- [PROBLEM STATEMENT]
Return the records exactly, keeping every line as it is.

-- EXERCISE DATA follows --

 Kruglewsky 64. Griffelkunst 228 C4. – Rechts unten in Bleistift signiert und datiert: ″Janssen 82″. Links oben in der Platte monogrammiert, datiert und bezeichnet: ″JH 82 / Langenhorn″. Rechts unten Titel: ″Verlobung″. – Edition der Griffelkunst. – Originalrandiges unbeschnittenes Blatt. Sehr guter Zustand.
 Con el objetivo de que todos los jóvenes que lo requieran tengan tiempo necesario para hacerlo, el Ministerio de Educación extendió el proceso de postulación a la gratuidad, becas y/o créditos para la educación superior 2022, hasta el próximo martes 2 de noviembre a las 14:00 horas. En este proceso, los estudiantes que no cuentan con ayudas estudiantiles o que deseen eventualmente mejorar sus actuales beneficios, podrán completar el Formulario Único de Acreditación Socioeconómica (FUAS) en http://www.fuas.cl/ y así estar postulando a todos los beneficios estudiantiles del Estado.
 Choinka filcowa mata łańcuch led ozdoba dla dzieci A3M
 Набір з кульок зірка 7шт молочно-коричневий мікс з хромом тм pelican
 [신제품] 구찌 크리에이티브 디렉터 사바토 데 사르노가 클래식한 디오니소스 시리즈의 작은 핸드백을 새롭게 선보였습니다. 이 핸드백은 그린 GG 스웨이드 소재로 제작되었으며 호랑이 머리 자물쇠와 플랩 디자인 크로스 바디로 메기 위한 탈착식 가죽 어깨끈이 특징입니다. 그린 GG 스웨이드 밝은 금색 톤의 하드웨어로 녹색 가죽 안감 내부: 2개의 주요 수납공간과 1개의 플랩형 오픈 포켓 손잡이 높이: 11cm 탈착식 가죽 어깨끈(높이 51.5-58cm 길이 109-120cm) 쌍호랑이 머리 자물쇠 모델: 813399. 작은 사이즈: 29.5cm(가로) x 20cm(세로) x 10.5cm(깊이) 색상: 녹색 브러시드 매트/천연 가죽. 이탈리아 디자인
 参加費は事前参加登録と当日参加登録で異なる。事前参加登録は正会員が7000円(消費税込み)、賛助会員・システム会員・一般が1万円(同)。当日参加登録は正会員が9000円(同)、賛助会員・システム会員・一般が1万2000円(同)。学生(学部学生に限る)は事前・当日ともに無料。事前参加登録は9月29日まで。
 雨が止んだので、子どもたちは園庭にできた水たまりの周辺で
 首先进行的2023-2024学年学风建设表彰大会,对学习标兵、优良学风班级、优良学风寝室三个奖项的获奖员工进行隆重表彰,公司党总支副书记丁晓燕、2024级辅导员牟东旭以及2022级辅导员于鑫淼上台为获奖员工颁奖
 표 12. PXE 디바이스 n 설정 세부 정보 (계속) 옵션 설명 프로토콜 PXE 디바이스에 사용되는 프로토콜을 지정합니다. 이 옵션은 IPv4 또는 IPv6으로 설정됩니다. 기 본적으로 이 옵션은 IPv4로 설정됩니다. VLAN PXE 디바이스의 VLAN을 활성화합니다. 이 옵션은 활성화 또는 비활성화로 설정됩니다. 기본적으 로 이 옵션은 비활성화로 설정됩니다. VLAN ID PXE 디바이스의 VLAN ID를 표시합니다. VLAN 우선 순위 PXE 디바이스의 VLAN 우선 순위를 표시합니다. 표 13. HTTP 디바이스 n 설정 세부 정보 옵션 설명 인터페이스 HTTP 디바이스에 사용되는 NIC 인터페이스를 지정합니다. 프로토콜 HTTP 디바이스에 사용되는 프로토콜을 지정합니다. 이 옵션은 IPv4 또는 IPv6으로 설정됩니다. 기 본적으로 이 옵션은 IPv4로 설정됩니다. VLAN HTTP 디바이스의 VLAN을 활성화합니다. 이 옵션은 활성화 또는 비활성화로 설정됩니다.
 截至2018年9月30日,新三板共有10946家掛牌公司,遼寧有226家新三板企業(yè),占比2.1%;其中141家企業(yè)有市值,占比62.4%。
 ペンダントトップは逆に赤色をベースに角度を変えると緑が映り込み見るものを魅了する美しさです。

-- EXERCISE DATA concluded --

- [FINISHED EXERCISE]
 Kruglewsky 64. Griffelkunst 228 C4. – Rechts unten in Bleistift signiert und datiert: ″Janssen 82″. Links oben in der Platte monogrammiert, datiert und bezeichnet: ″JH 82 / Langenhorn″. Rechts unten Titel: ″Verlobung″. – Edition der Griffelkunst. – Originalrandiges unbeschnittenes Blatt. Sehr guter Zustand.
 Con el objetivo de que todos los jóvenes que lo requieran tengan tiempo necesario para hacerlo, el Ministerio de Educación extendió el proceso de postulación a la gratuidad, becas y/o créditos para la educación superior 2022, hasta el próximo martes 2 de noviembre a las 14:00 horas. En este proceso, los estudiantes que no cuentan con ayudas estudiantiles o que deseen eventualmente mejorar sus actuales beneficios, podrán completar el Formulario Único de Acreditación Socioeconómica (FUAS) en http://www.fuas.cl/ y así estar postulando a todos los beneficios estudiantiles del Estado.
 Choinka filcowa mata łańcuch led ozdoba dla dzieci A3M
 Набір з кульок зірка 7шт молочно-коричневий мікс з хромом тм pelican
 [신제품] 구찌 크리에이티브 디렉터 사바토 데 사르노가 클래식한 디오니소스 시리즈의 작은 핸드백을 새롭게 선보였습니다. 이 핸드백은 그린 GG 스웨이드 소재로 제작되었으며 호랑이 머리 자물쇠와 플랩 디자인 크로스 바디로 메기 위한 탈착식 가죽 어깨끈이 특징입니다. 그린 GG 스웨이드 밝은 금색 톤의 하드웨어로 녹색 가죽 안감 내부: 2개의 주요 수납공간과 1개의 플랩형 오픈 포켓 손잡이 높이: 11cm 탈착식 가죽 어깨끈(높이 51.5-58cm 길이 109-120cm) 쌍호랑이 머리 자물쇠 모델: 813399. 작은 사이즈: 29.5cm(가로) x 20cm(세로) x 10.5cm(깊이) 색상: 녹색 브러시드 매트/천연 가죽. 이탈리아 디자인
 参加費は事前参加登録と当日参加登録で異なる。事前参加登録は正会員が7000円(消費税込み)、賛助会員・システム会員・一般が1万円(同)。当日参加登録は正会員が9000円(同)、賛助会員・システム会員・一般が1万2000円(同)。学生(学部学生に限る)は事前・当日ともに無料。事前参加登録は9月29日まで。
 雨が止んだので、子どもたちは園庭にできた水たまりの周辺で
 首先进行的2023-2024学年学风建设表彰大会,对学习标兵、优良学风班级、优良学风寝室三个奖项的获奖员工进行隆重表彰,公司党总支副书记丁晓燕、2024级辅导员牟东旭以及2022级辅导员于鑫淼上台为获奖员工颁奖
 표 12. PXE 디바이스 n 설정 세부 정보 (계속) 옵션 설명 프로토콜 PXE 디바이스에 사용되는 프로토콜을 지정합니다. 이 옵션은 IPv4 또는 IPv6으로 설정됩니다. 기 본적으로 이 옵션은 IPv4로 설정됩니다. VLAN PXE 디바이스의 VLAN을 활성화합니다. 이 옵션은 활성화 또는 비활성화로 설정됩니다. 기본적으 로 이 옵션은 비활성화로 설정됩니다. VLAN ID PXE 디바이스의 VLAN ID를 표시합니다. VLAN 우선 순위 PXE 디바이스의 VLAN 우선 순위를 표시합니다. 표 13. HTTP 디바이스 n 설정 세부 정보 옵션 설명 인터페이스 HTTP 디바이스에 사용되는 NIC 인터페이스를 지정합니다. 프로토콜 HTTP 디바이스에 사용되는 프로토콜을 지정합니다. 이 옵션은 IPv4 또는 IPv6으로 설정됩니다. 기 본적으로 이 옵션은 IPv4로 설정됩니다. VLAN HTTP 디바이스의 VLAN을 활성화합니다. 이 옵션은 활성화 또는 비활성화로 설정됩니다.
 截至2018年9月30日,新三板共有10946家掛牌公司,遼寧有226家新三板企業(yè),占比2.1%;其中141家企業(yè)有市值,占比62.4%。
 ペンダントトップは逆に赤色をベースに角度を変えると緑が映り込み見るものを魅了する美しさです。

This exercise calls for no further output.